Providing Open Architecture High Availability Solutions
Providing Open Architecture High Availability Solutions
37
Choosing smaller failure group sizes (to confine the failures to parts of the total system) can
reduce total system downtime from individual failures. (This assumes the application can be
partitioned, and total downtime can be pro-rated over the whole system.)
4.4.2 Repair and Testing
The speed and accuracy of repairs can have a significant impact on availability. Ideally when a
hardware component fails, the systems can accurately identify the field replaceable unit (FRU) the
first time. Then, once a replacement unit has been installed, it can be fully tested before being put
into service for use by the system.
Typical requirements are:
• A failed FRU must be identified correctly by the system so that it can be replaced correctly on
the first attempt 95% of the time.
• Failed FRU identification and replacement must not affect the service availability.
• A replacement FRU cannot be put in service until fully tested within the system.
• Testing a replacement FRU must not affect service availability.
The frequency of failures and the urgency of repair also affect the cost of operating a system.
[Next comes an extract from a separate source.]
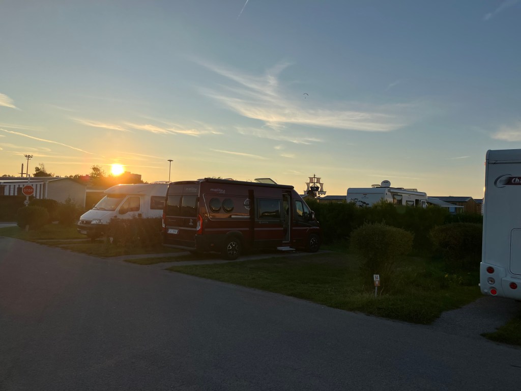 Så kom dagens andre festlige. Vi hadde valgt en camper stop i en liten badeby øst for Dunkerque som overnatting. Dette er et sted som tilhører en fransk camping club vi er medlem av hvor du kan booke på forhånd. Dette var en liten plass med 18 plasser og Mona forstod det slik at det var 18 plasser ledig. Ray syntes dette var litt mistenkelig så han mente vi kunne bare la vær å booke og ta en titt på stedet først.
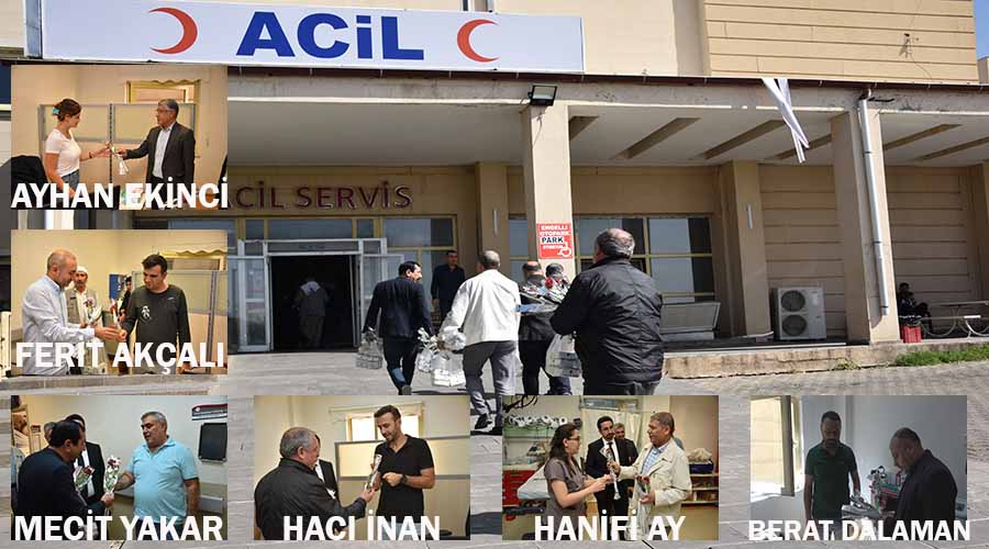 Elik ile görüşmenin ardından hastane birimlerini ziyaret eden yönetim, doktor ve sağlık çalışanlarına emekleri için teşekkür ederek karanfil ve tatlı ikramında bulundu.

The
more often service personnel have to visit a system to make repairs, the higher the operating cost.
FRU reliability can be increased by choice of parts, as well as by providing redundancy built into
the FRU.
4.4.3 Upgrades and Changes
All systems inevitably need changes to add or remove hardware components, install operating
system changes, and install new application versions. Having the service down during such
upgrades will usually violate the availability requirements, so some sort of rolling upgrade strategy
is needed.
The rolling upgrade often requires that parts of the system are shutdown and upgraded while the
redundant components keep the service available. Once the first parts of the system are upgraded,
they are put into service, and the remaining parts are in turn shut down, upgraded, and returned to
service.
The implications to the Open HA Framework and application are that some level of compatibility
between versions of software is needed. These may include:
• Message formats, files, and data, common between different versions of software is
compatible, or is tagged with version numbers for specific handling.
• Behavior of the different versions of software is compatible.
• Testing of the new software on the split system is possible before bringing it into service.
• A roll-back plan is in place in case the new software does not work.
When hardware changes are made, the operating system and management middleware must be able
to assimilate the new configuration into the operating environment. New redundancy rules may be
needed when components are introduced or removed from a system, and testing of new hardware is
necessary before putting it into service.